The overnight press accounts of Day Two of the Kagan hearings seemed to find her less forthcoming than they wanted in her to be while answering constitutional questions. (A reader has taken me to task for not chiding her on this, after asking her earlier not to be cautious.) I will admit frankly that I thought the real news out of yesterday's hearings was a brilliant TV debut for a nominee that the public barely knows, one that is likely to make it harder for Republicans to vote against her. But for those who think I neglected the other theme, I would say that I thought she was actually, at certain points, refreshingly forthcoming.

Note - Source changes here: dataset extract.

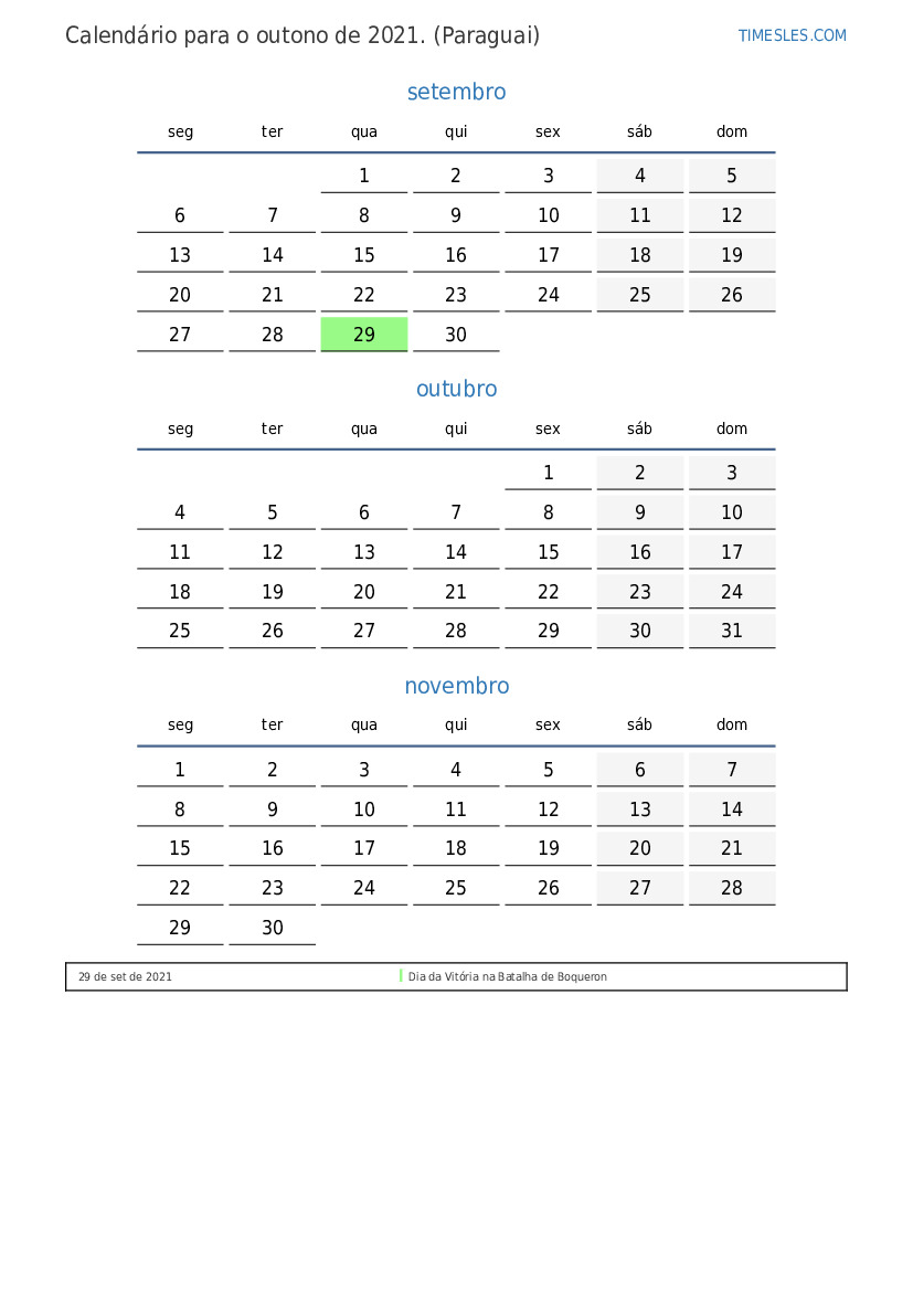 Baixe e imprima calendário em PDF com feriados e fins de semana para o outono de 2021 para o paraguai

It is true that she declined to "grade cases," meaning to respond to senators who wanted her to say how much or how little she likes earlier cases like Roe v. Wade or Bush v. Gore. That, I think, is hardly surprising or improper, since judges must apply decided cases unless there is an unexpected case more or less requiring a fresh look at them. (On the "activism" front, the latest example is Citizens United v. Federal Election Commission, in which the conservative majority announced that it could not decide the issue in front of it without overturning an earlier case, Austin v. Michigan Chamber of Commerce.) She did, however, forthrightly state that the recent gun-rights cases were "settled law," which is as close to a commitment not to vote to overrule them as any senator should expect. She also stated clearly that "the continuing holdings of the court are that the woman's life and the woman's health must be respected in any abortion regulation." This is not surprising, but it is a piece of substantive information for viewers interested in this issue.
As the sitting solicitor general, Kagan is doubly constrained: some comments would be improper for a prospective judicial nominee, others improper for a current political appointee. She was, however, willing to talk quite openly about how she had thought about cases and issues on which she had taken a position as solicitor general.

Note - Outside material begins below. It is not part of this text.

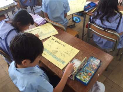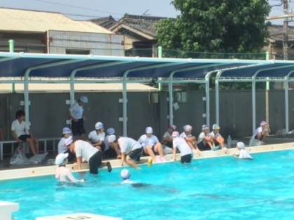 プールでは着衣泳をしています。万一の水難事故に備えて、ぬれた衣類の重さや動きにくさを体感しています。教室では夏休みの宿題冊紙を作っています。さて、いよいよ明日は「土曜授業・終業式」です。住之江警察暑の警察官から「安全な夏休みのすごし方(防犯・交通安全)」についてご指導をいただきます。保護者・地域の方々も多数ご参観ください。
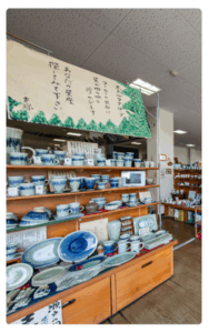 尾張瀬戸駅の川沿いにある陶器専門店。

But there were a couple of occasions on which she stepped up to the plate and made very clear statements about her constitutional methodology--something going beyond the jejune claim that everything is covered by precedent except that which might come before the court and thus can't be discussed. In the first round of questions, with Chairman Patrick Leahy (D-VT), she directly tackled "original intent"--a bugaboo of conservative Republican senators and their constituents--by stating that the creators of the Fourteenth Amendment "thought that the Fourteenth Amendment was perfectly consistent with segregated schools. . . . But step by step, decision by decision, we came to the realization that the principle of equal protection is inconsistent with segregated schools," thus making Brown v. Board of Education a valid and defensible example of how change arises in the Constitution.

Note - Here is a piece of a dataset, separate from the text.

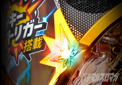 筐体左上の「ラッキースターランプ」が虹色に発光すれば、大当り+LT突入濃厚!? リーチ成立時、VSリーチ前半開始時、VSリーチ後半開始時、大三源リーチ開始時に発生する可能性がある。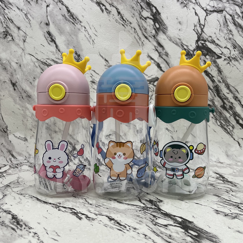 Children's Drinking Bottle With Crown Strap Straw 480ml Shopee

Endorsing Brown may seem, to most readers, the safest thing possible. But to say that it is inconsistent with "original intent" sets off alarm bells among conservatives. Sen. John Cornyn, a former Texas appellate judge, came back to this point in his questions. He noted that many scholars believe that the creators did intend schools to be desegregated--then immediately weakened his point by citing the words of the late Sen. Charles Sumner (R-MA), who was not a creator of the Fourteenth Amendment. Nonetheless, it was a substantive discussion of constitutional interpretation and legal change, one that walked unafraid right up to one of the many live rails of the current constitutional debate. I am sure it gave Constitution buffs at home something to talk about.
It also led Sen. Tom Coburn (R-OK) to a near-Beckian dithyramb about original intent as the only valid basis for constitutional interpretation. Coburn, who is an almost endearingly naive non-lawyer, seemed to have the fixed idea that he could get Kagan to agree in advance to vote against the constitutionality of the Obama health-care plan. He asked her how she would vote if he successfully sponsored a bill requiring Americans to eat a specified number of servings of fruits and vegetables every day. She immediately responded, "Sounds like a dumb law."
Now, readers and viewers may have gleaned from yesterday's events that Elena Kagan is a little bit of a wiseacre, or, perhaps more precisely, an endearingly cheeky woman. But she went beyond the "dumb law" trope to discuss an important point (one that, though she didn't mention it, a number of current justices don't seem to remember): that judges do not sit to evaluate the wisdom of congressional acts, but only whether they are within the power of Congress. It included an eloquent threnody to the late Justice Oliver Wendell Holmes, Jr., who doughtily insisted throughout the Progressive era that political majorities had the right to enact statutes that he thought of as thick-witted. It fit quite neatly in with her consistent theme that judges should be humble and restrained.
In the end, it was Coburn who seemed to be pleading with her to be a judicial activist. "The commerce clause has got us into a position where we have a $1.6 trillion deficit," he said. Remarkably enough, he then added that, unless the court was willing to gut current economic legislation, the people would have no recourse but to elect a new Congress.
Cheeky though she is, Kagan did not point out that electing a new Congress was precisely what the Constitution suggested the people do in such a case. Even for forthright and cheeky nominees, some truths are too true to utter.